▶ _About this task_: Restate word for word the lines below from the one that has "(앵커)2025년 새해가 밝았습니다.슬픔이" through the one that has "STEP7の「連携テスト」ボ", keeping both and dropping all pictures.

▶ _Records provided_:
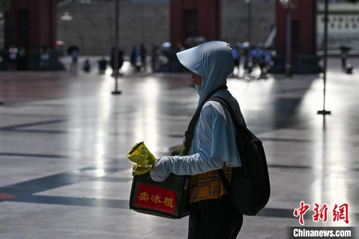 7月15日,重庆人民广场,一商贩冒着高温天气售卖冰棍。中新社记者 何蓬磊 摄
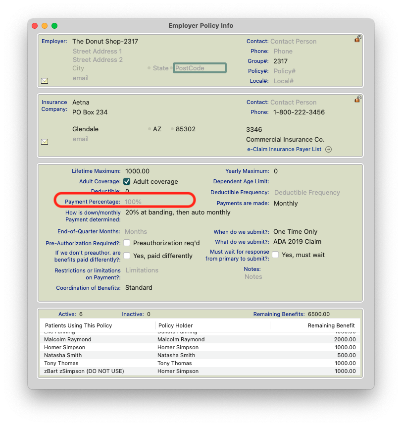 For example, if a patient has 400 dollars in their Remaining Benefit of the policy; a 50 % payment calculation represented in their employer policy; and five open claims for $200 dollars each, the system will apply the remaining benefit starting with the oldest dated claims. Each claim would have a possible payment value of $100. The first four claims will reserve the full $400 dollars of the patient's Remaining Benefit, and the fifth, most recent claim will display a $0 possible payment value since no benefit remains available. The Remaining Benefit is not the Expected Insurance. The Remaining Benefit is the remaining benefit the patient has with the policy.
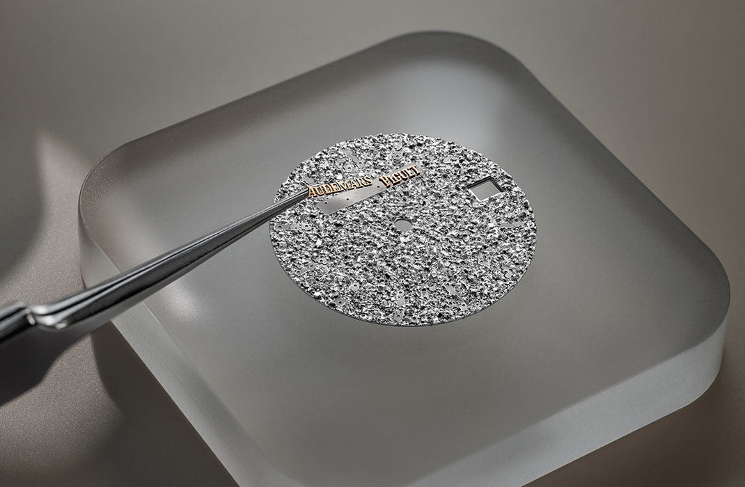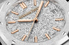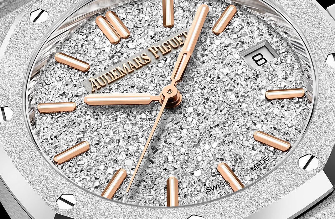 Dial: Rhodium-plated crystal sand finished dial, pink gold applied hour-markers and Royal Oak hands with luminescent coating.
---
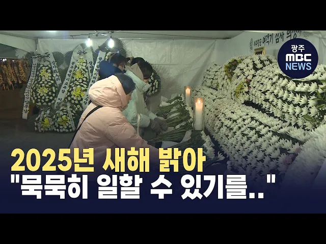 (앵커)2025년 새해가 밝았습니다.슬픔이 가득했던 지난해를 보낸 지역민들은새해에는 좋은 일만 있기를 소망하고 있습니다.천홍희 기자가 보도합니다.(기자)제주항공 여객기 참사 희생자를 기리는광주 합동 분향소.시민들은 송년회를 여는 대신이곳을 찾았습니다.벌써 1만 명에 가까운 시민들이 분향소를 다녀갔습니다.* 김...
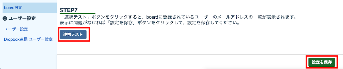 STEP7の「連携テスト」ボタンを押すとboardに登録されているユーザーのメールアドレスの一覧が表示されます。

▶ _Task response_:
 (앵커)2025년 새해가 밝았습니다.슬픔이 가득했던 지난해를 보낸 지역민들은새해에는 좋은 일만 있기를 소망하고 있습니다.천홍희 기자가 보도합니다.(기자)제주항공 여객기 참사 희생자를 기리는광주 합동 분향소.시민들은 송년회를 여는 대신이곳을 찾았습니다.벌써 1만 명에 가까운 시민들이 분향소를 다녀갔습니다.* 김...
 STEP7の「連携テスト」ボタンを押すとboardに登録されているユーザーのメールアドレスの一覧が表示されます。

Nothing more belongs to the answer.